Republicans plan legal assault on public companies’ climate disclosure rules | climate crisis


Related stories

RPublic officials and corporate lobbyists are launching a multifaceted legal attack on the Biden administration’s efforts to help investors hold public companies accountable for carbon emissions and other climate change risks.

US Securities and Exchange Commission (SEC) Suggestion New climate disclosure rules in March that will require public companies to report climate-related impacts and risks on their businesses.

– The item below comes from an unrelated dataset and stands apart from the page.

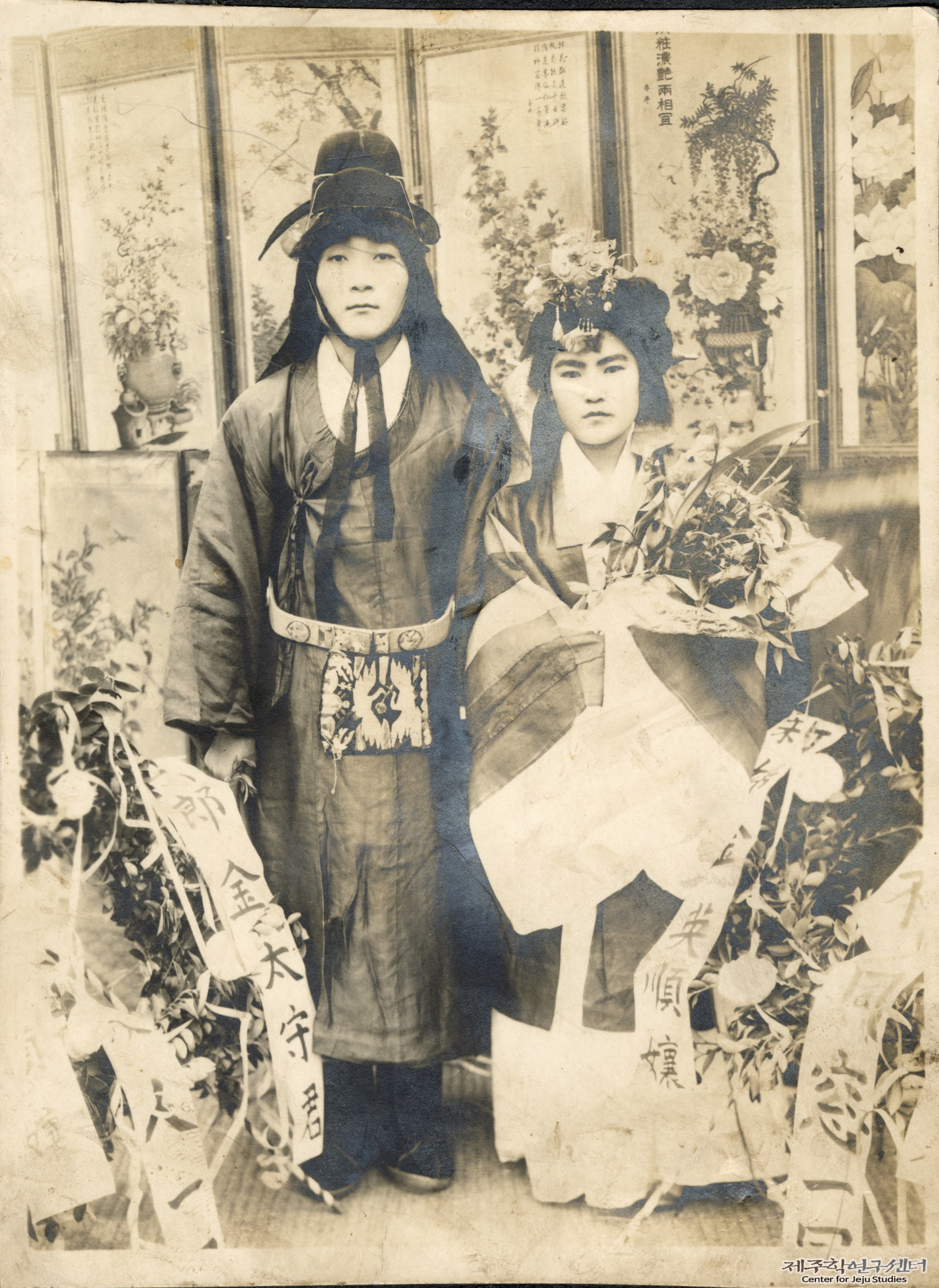 애월읍 수산리 토박이인 신랑 김태수(26세) 씨와 신부 김영순(23세) 씨가 마을 사람 중매를 통해 인연을 맺고 혼례식을 치른 후 촬영한 부부 사진이다. 두 사람은 전통 혼례 복장을 갖추고 있다. 신랑은 사모를 쓰고 관복을 입었으며 신부는 족두리를 쓰고 소매가 긴 원삼을 착용하였다. 신부 손에는 생화와 동백잎을 엮어 만든 부케가 들려 있다. 부부 뒤로 화려한 화조도를 새긴 병풍을 둘러 잔칫날 분위기를 더했고 앞쪽에는 신부 지인이 정성껏 꾸며준 화환을 놓았다. 왼편 화환에는 '신랑 김태수 군', 오른편에는 '신부 김영순 양'이라는 문구가 한자로 적혀 있다.

Since then the organizer Receive Over 14,500 comments. Reports from 24 Republican state attorneys general and some of the country’s most powerful industry associations suggest that these groups are preparing for a series of legal challenges after the regulation is finalized, which could potentially is happening As soon as next month.

“I expect a lawsuit will be filed as soon as the final rule is out,” Jill E. Fish, professor of business law at the University of Pennsylvania, told The Guardian. “It is possible that their complaints have already been formulated, and they are willing to file them.”

some opponents Claim that require companies to publish climate-related information violating on their right to freedom of expression. others (mostly the same) Say That rule goes beyond the statutory authority of the Supreme Education Council.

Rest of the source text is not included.